Indeed, I would like to extend this to a greater space dimension Markov process with a similar transition matrix and therefore solving $\Pi \mu = \mu$ would lead to very long computations.
Thank you.
Yes, you can view the transition matrix as a graph and analyze its connectivity. For a transition matrix $\Pi \in \mathbb{R}^{n \times n}$, let $G=(V,E)$ be the directed graph where $V = [n]$ and $E = \{(i,j) \in [n]^2 : \Pi(i,j) > 0\}$.
The Markov chain is irreducible if and only if $G$ has one strongly connected component. Again, there are linear-time algorithms for checking this condition.

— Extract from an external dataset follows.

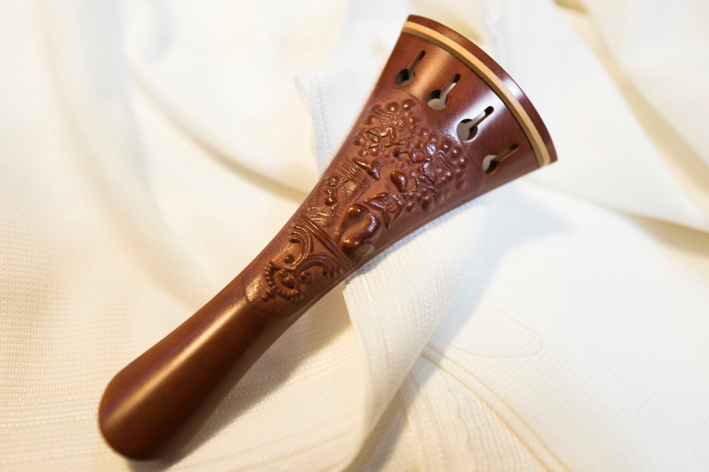 ペグに施されている彫刻の浮き上がっている部分はとても繊細で一般的に装飾が付けられている部分の彫刻も緻密です。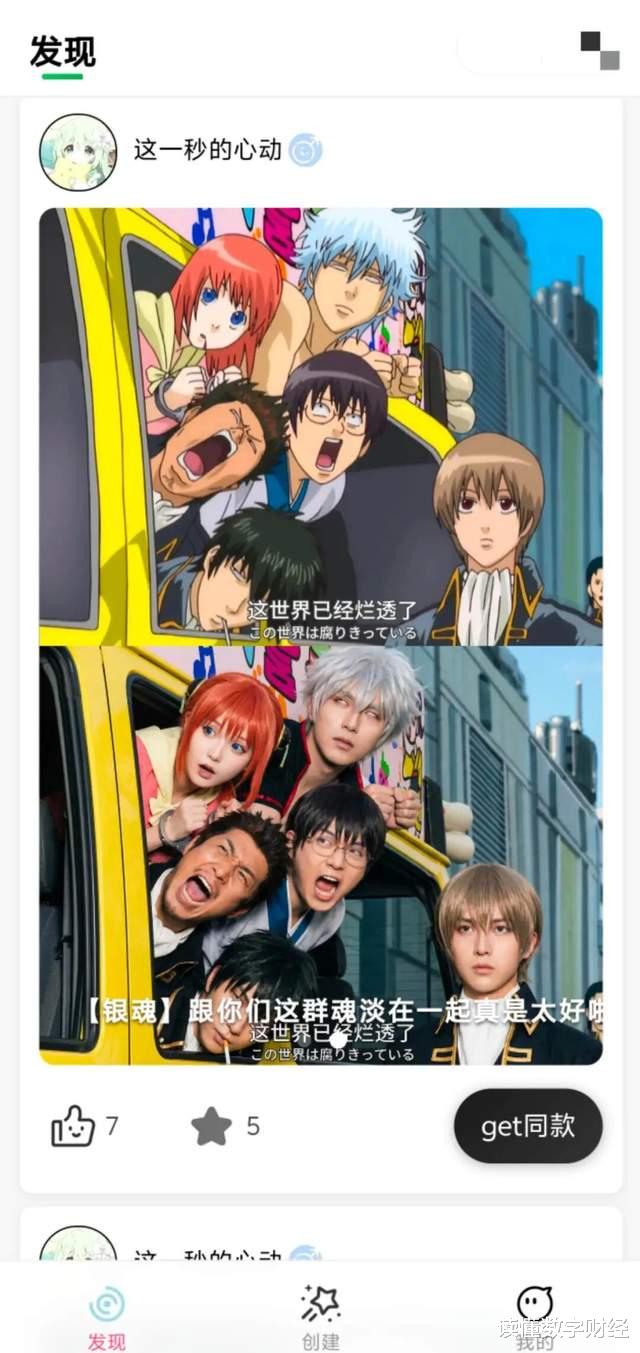 作品右下方有“get同款”,点击后会跳转至二创工坊,也可以从下方的“创建”进入二创工坊,用户首先要上传动漫/游戏角色原图,支持JPG/PNG格式。

More simply for the matrix above, we can see that all nodes $i > 1$ can directly reach node $i-1$. Moreover, node $1$ can transition to any node. Therefore, the graph has one strongly connected component and thus is irreducible.
An irreducible Markov chain is aperiodic if and only if $G$ has a node with period 1. In this case, it is even easier because every node has a self-loop since $\Pi(i,i) > 0$ for all $i \in [n]$.
It follows from the fundamental theorem of Markov chains that $\Pi$ has a unique stationary distribution.